Image denoising techniques have attracted much attention in recent 50 years (Bernstein, 1987, Xu, Zhang, Zuo et al., 2015). At the outset, nonlinear and non-adaptive filters were used for image applications (Huang, 1971). Nonlinear filters can preserve the edge information to suppress the noise, unlike linear filters (Pitas & Venetsanopoulos, 1986).

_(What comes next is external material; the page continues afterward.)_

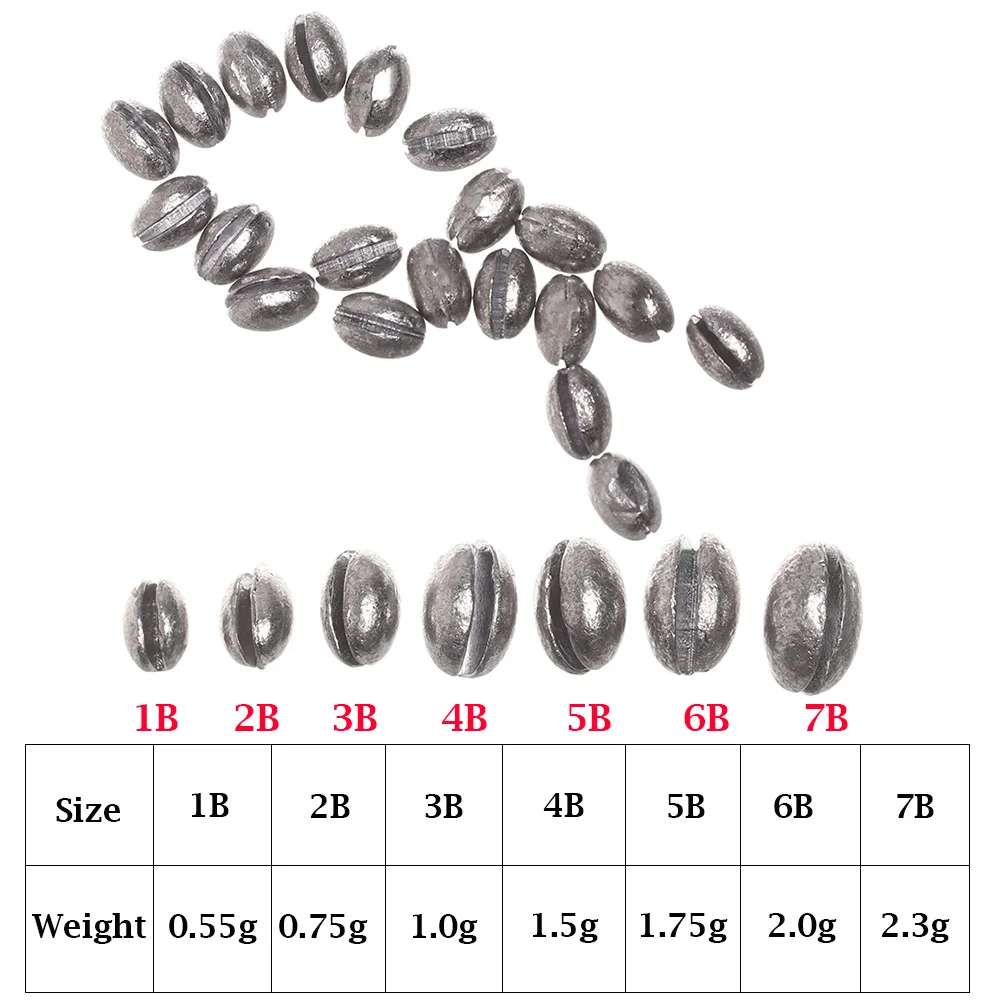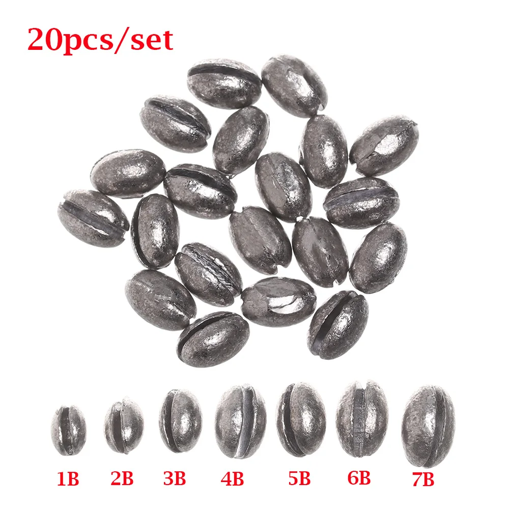 20 шт., Круглый в форме оливы, рыболовный свинец, осенняя леска, грузило, открытый рот, крючок, коннектор, дополнительный вес, Сплит, рыболовные инструменты

Adaptive nonlinear filters depended on local signal-to-noise ratios to derive an appropriate weighting factor for removing noise from an image corrupted by the combination of additive random, signal-dependent, impulse noise and additive random noise (Bernstein, 1987). Non-adaptive filters can simultaneously use edge information and signal-to-noise ratio information to estimate the noise (Hong & Bao, 2000). In time, machine learning methods, such as sparse-based methods were successfully applied in image denoising (Dabov, Foi, Katkovnik, & Egiazarian, 2007). A non-locally centralized sparse representation (NCSR) method used nonlocal self-similarity to optimize the sparse method, and obtained high performance for image denoising (Dong, Zhang, Shi, & Li, 2012). To reduce computational costs, a dictionary learning method was used to quickly filter the noise (Elad & Aharon, 2006). To recover the detailed information of the latent clean image, priori knowledge (i.e., total variation regularization) can smooth the noisy image in order to deal with the corrupted image (Osher et al., 2005, Ren, Zuo, Zhang et al., 2019). More competitive methods for image denoising can be found in Mairal et al., 2009, Zuo et al., 2014 and Zhang, Zuo, Chen, Meng and Zhang (2017), including the Markov random field (MRF) (Schmidt & Roth, 2014), the weighted nuclear norm minimization (WNNM) (Gu, Zhang, Zuo, & Feng, 2014), learned simultaneous sparse coding (LSSC) (Mairal et al., 2009), cascade of shrinkage fields (CSF) (Schmidt & Roth, 2014), trainable nonlinear reaction diffusion (TNRD) (Chen & Pock, 2016) and gradient histogram estimation and preservation (GHEP) (Zuo et al., 2014).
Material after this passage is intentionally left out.